Large Vision Models#
This page illustrates how to prepare the Vision Transformer from the clip-vit-large-patch14 model for integration with the Intel® DL Streamer pipeline.
Note
The instructions provided below are comprehensive, but for convenience, it is recommended to use the download_public_models.sh script. This script will download all supported models and perform the necessary conversions automatically.
See download_public_models for more information.
1. Setup#
The instructions assume Intel® DL Streamer framework is installed on the local system along with Intel® OpenVINO™ model downloader and converter tools, as described here: Tutorial.
It is also necessary to install the Transformers and Pillow packages:
pip install transformers
pip install pillow
2. Model preparation#
Below is a Python script for converting the Vision Transformer from the clip-vit-large-patch14 model to the Intel® OpenVINO™ format. Since using a sample input is recommended during the conversion, prepare a sample image in one of the common formats and replace IMG_PATH with the relevant value:
from transformers import CLIPProcessor, CLIPVisionModel
import PIL
import openvino as ov
from openvino.runtime import PartialShape, Type
import sys
import os
MODEL='clip-vit-large-patch14'
IMG_PATH = "sample_image.jpg"
img = PIL.Image.open(IMG_PATH)
vision_model = CLIPVisionModel.from_pretrained('openai/'+MODEL)
processor = CLIPProcessor.from_pretrained('openai/'+MODEL)
batch = processor.image_processor(images=img, return_tensors='pt')["pixel_values"]
print("Conversion starting...")
ov_model = ov.convert_model(vision_model, example_input=batch)
print("Conversion finished.")
# Define the input shape explicitly
input_shape = PartialShape([-1, batch.shape[1], batch.shape[2], batch.shape[3]])
# Set the input shape and type explicitly
for input in ov_model.inputs:
input.get_node().set_partial_shape(PartialShape(input_shape))
input.get_node().set_element_type(Type.f32)
ov_model.set_rt_info("clip_token", ['model_info', 'model_type'])

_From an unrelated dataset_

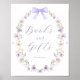 Cartel de libros y regalos con flores silvestres acuáticas y arco violeta. Personaliza con tu propio texto. Colección coincidente en la tienda Adore Paper Co. Zazzle.
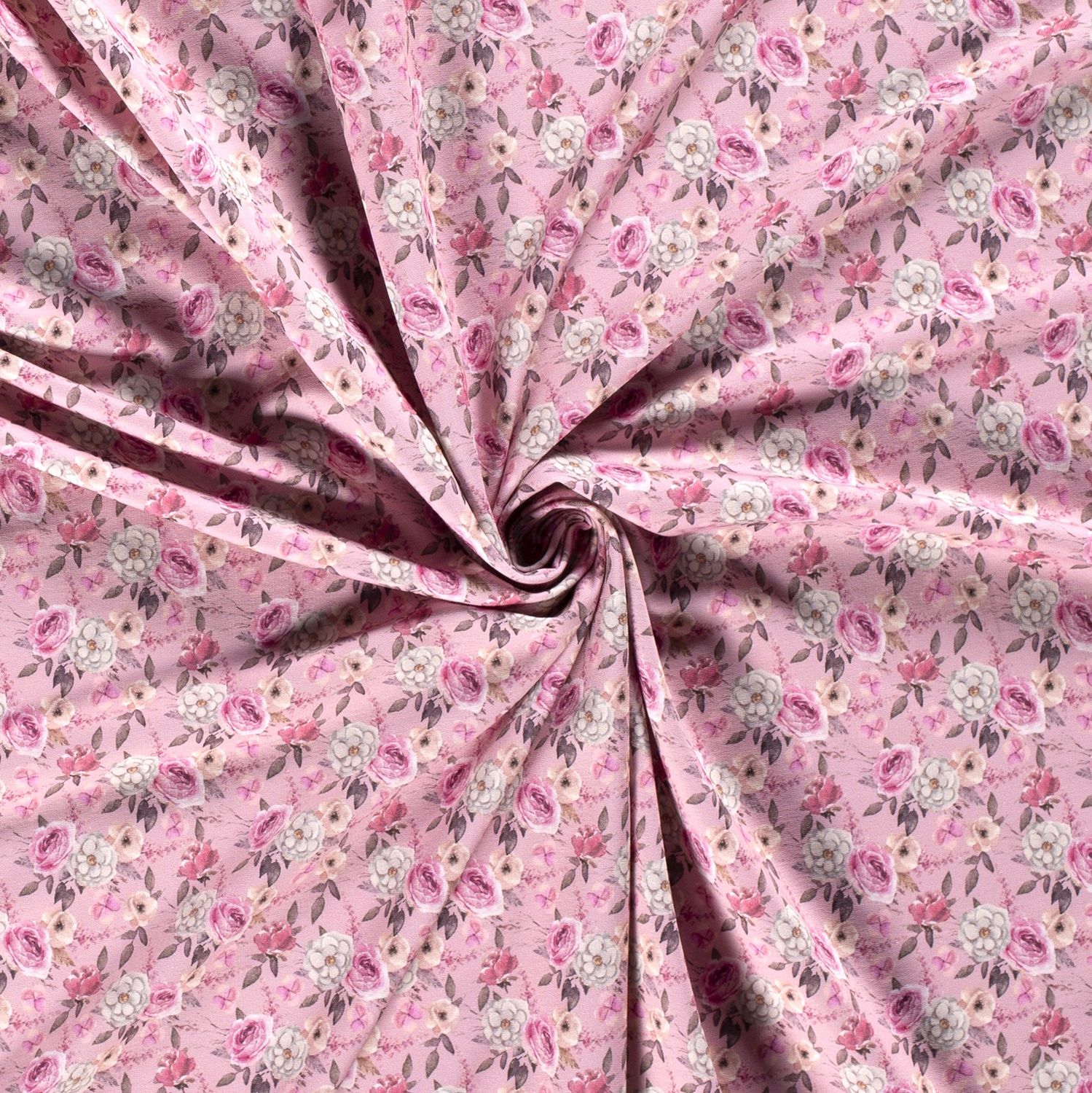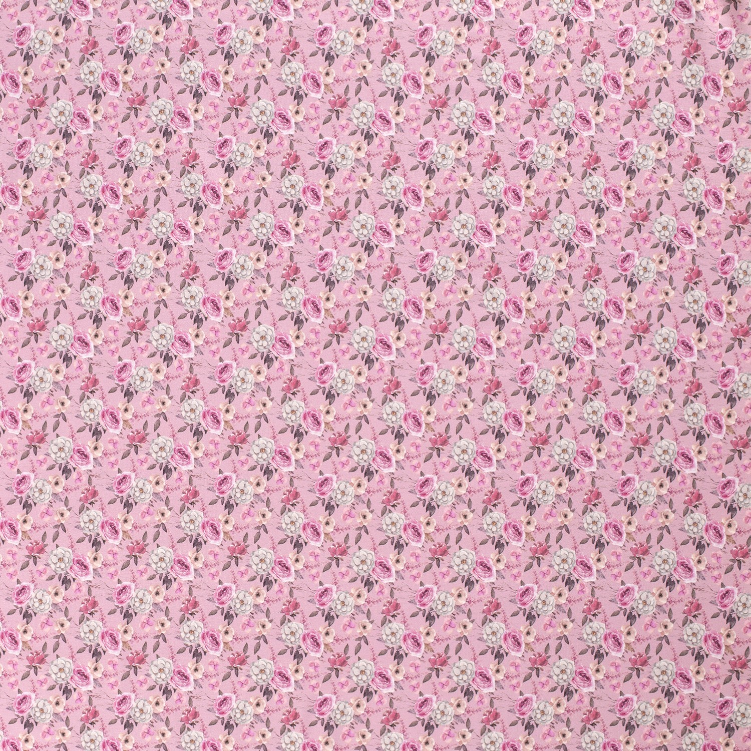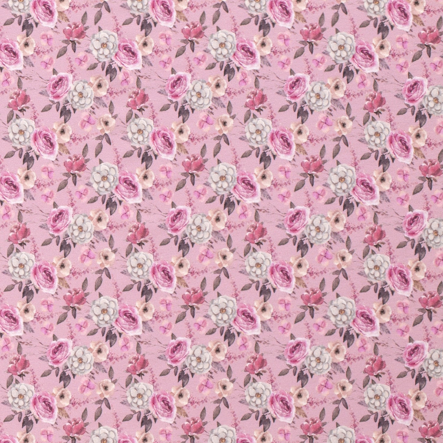 Zarte wilde Rosen, kleine Blüten und feine Blätter ranken sich in harmonischen Naturtönen über einen sanft altrosa Hintergrund – wie ein romantischer Blumengarten auf Stoff. Die detailreiche, digitale Musterung lässt jede Rose lebendig wirken und verleiht deinen Nähprojekten eine feminine, verspielte Note.

ov_model.set_rt_info("68.500,66.632,70.323", ['model_info', 'scale_values'])
ov_model.set_rt_info("122.771,116.746,104.094", ['model_info', 'mean_values'])
ov_model.set_rt_info("True", ['model_info', 'reverse_input_channels'])
ov_model.set_rt_info("crop", ['model_info', 'resize_type'])
ov.save_model(ov_model, MODEL + ".xml")
3. Model usage#
See the generate_frame_embeddings.sh sample for detailed examples of Intel® DL Streamer pipelines using the model.